Is there any annotation file providing correspondence between Nextclade and Pangolin variant nomenclature/annotations, to annotate some SARS-CoV-2 genomes from Gisaid with both these?
For the moment I could only find:
What I’m looking for is an annotation as follows:
lineage clade
AY.43 21J
AY.4 21J
... ...
The idea is to generate a table as follows:
genome lineage clade
hCoV-19/Germany/BW-RKI-I-195742/2021 AY.43 21J
... ... ...
The way I proceed now is the following:
- Parse the Pangolin’s lineage designation file to find a target genome
- Look for the target genome in Gisaid (for quality check)
- Parse the metadata associated to the selected genome to get the lineage for verification (only Pangolin lineage is reported)

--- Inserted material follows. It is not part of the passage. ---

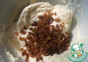 Изюм предварительно помыть и обсушить, можно настоять его на коньяке, если десерт для взрослых. Тоже добавить к общей массе.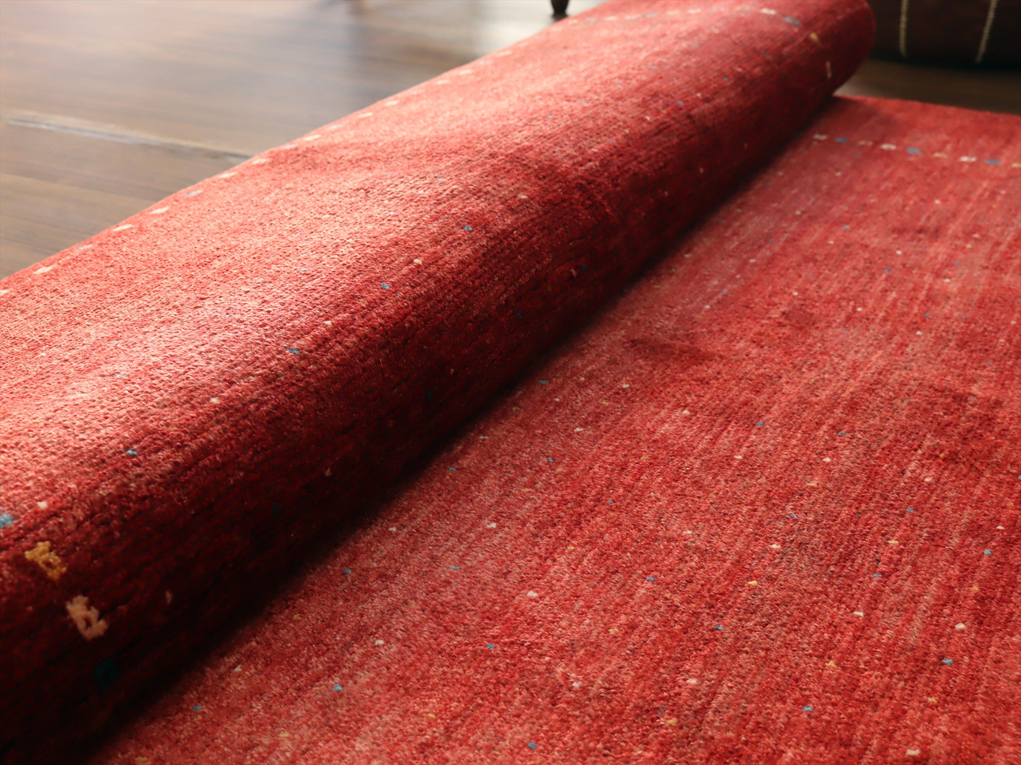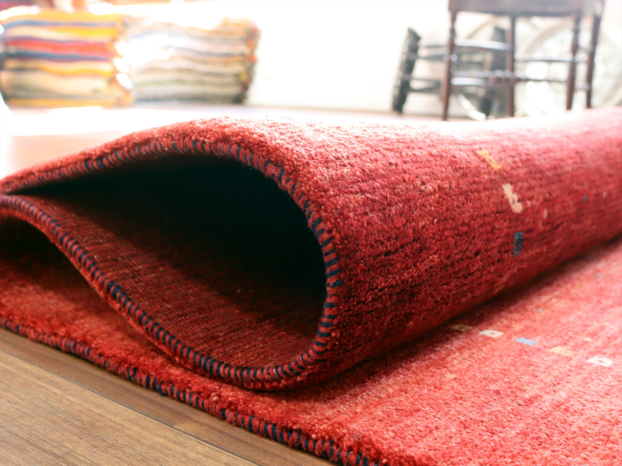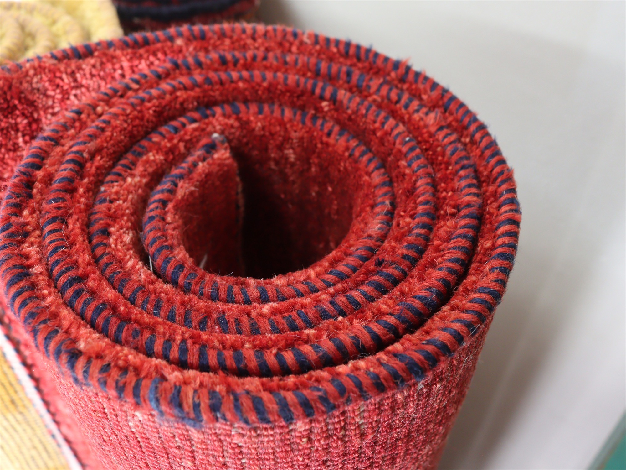 上下の縦糸を巻き込んでいます。ベースを含めたラグの厚みは、1.8cm程でパイルはすっきりとしていてモチーフがきれいに表現されています。

These steps allow me to build the first part of the table:
genome lineage
hCoV-19/Germany/BW-RKI-I-195742/2021 AY.43
... ...
Then:
- Paste the genome to Nextclade, wait for the analysis to be completed
- Report the calculated clade
With this information, I can then build the table:
genome lineage clade
hCoV-19/Germany/BW-RKI-I-195742/2021 AY.43 21J
... ... ...
The idea behind this is that both lineages and clades can be used for “tagging” a genome, depending on the aim (a given clade e.g. 21J includes many lineages e.g. AY.43 and AY.4 in the example above) and that I don’t enjoy manual and error-prone procedures;) Thanks for your input.